Custom Drive Connector
Just like other services in OpenMetadata (Database, Pipelines, Dashboards, Messaging, etc.), it’s possible to create a Custom Drive Connector to bring metadata from a storage or file system-like service into OpenMetadata.
In this guide, we’ll walk through how to implement your own Custom Drive Connector by extending the ingestion framework. The implementation pattern follows other service types closely, making the transition smooth for anyone familiar with the ecosystem.
This guide is based on a working example in the OpenMetadata Demos repository: link.
Watch OpenMetadata’s Webinar on Custom Connectors to get more context on how to build these integrations.
Steps to Set Up a Custom Drive Connector
Step 1 - Prepare Your Drive Connector
A Custom Drive Connector is a Python class that inherits from:
from metadata.ingestion.api.steps import Source
It must implement required methods such as:
prepare
_iter
test_connection (optional but recommended so the UI can validate access)
custom_drive/
my_drive_connector.py
Inside my_drive_connector.py, define your class:
class MyDriveConnector(Source):
...
def _iter(self):
...
_iter is a generator that produces the CreateEntityRequest instances expected by the ingestion framework.
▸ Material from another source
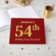 El diseño de este libro de huéspedes incluye el número ordinal "54th" con un aspecto de imitación de oro. También cuenta con un nombre personalizado y un fondo de color rojo. Se podría usar en un fiesta para alguien que celebre su cincuenta y cuarto cumpleaños. [~Z0000055]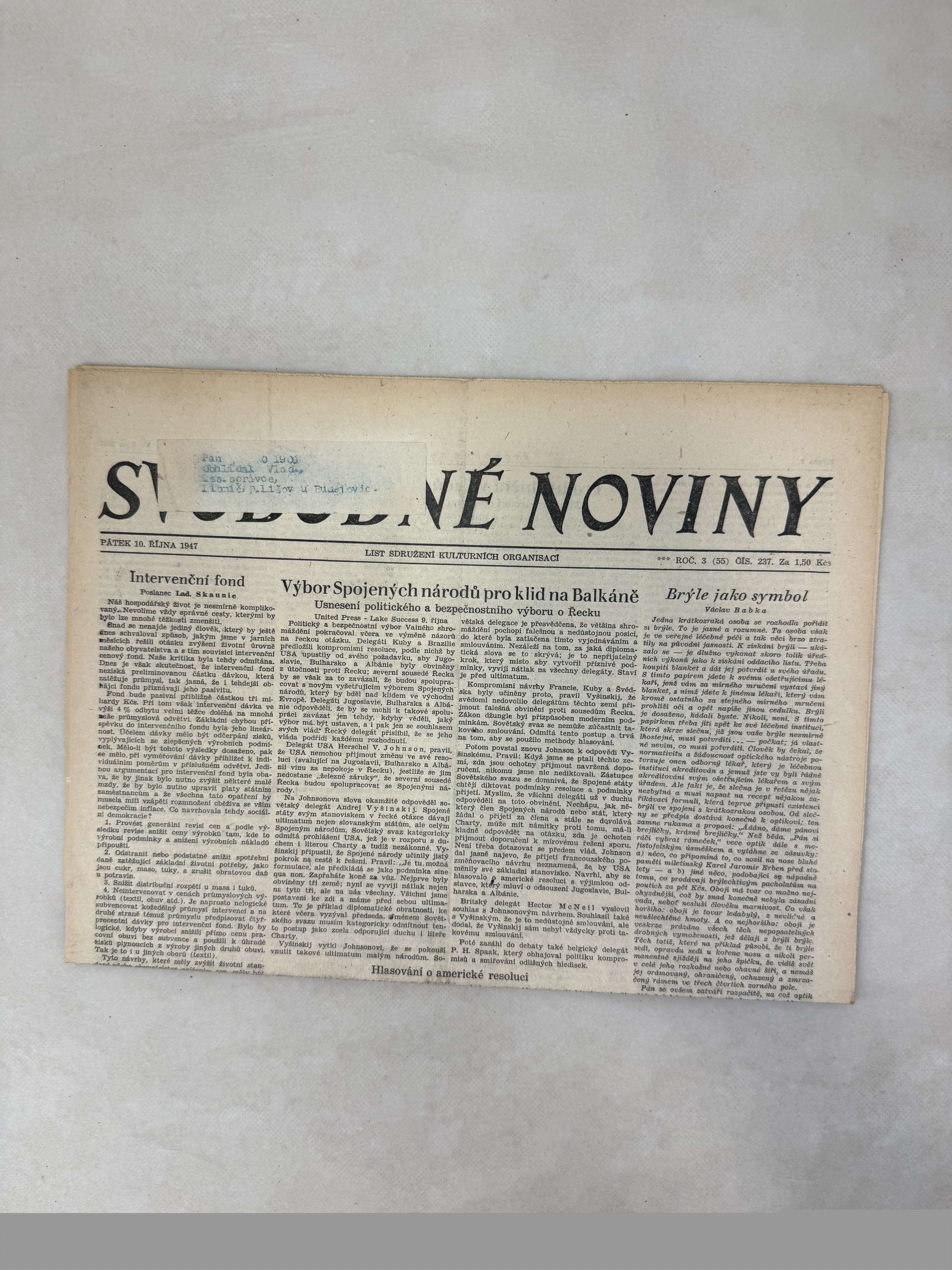 Svobodné noviny 10.10.1947

For more on the ingestion framework, refer to the OpenMetadata Ingestion Workflow Docs
Step 2 - Yield Drive Data as Entities
You need to yield CreateEntityRequest objects wrapped in an Either type. This pattern handles both successful entity creation and errors.
Import necessary types:
from metadata.ingestion.api.models import Either, StackTraceError
from metadata.generated.schema.api.data.createDirectory import CreateDirectoryRequest
from metadata.generated.schema.api.data.createFile import CreateFileRequest
from metadata.generated.schema.api.data.createSpreadsheet import CreateSpreadsheetRequest
from metadata.generated.schema.api.data.createWorksheet import CreateWorksheetRequest
Example usage:
for directory in self.drive_client.list_directories():
try:
yield Either(
right=CreateDirectoryRequest(
name=directory.name,
description=directory.description,
parent=directory.parent_fqn,
href=directory.href,
)
)
except Exception as exc:
yield Either(
left=StackTraceError(
name="Drive Directory Ingestion Error",
error=str(exc),
stack_trace=traceback.format_exc(),
)
)
for file_metadata in self.drive_client.list_files():
yield Either(
right=CreateFileRequest(
name=file_metadata.name,
description=file_metadata.description,
fileFormats=file_metadata.file_formats,
parent=file_metadata.parent_directory_fqn,
size=file_metadata.size,
)
)
Extend the same pattern with CreateSpreadsheetRequest and CreateWorksheetRequest if your Drive service exposes those concepts.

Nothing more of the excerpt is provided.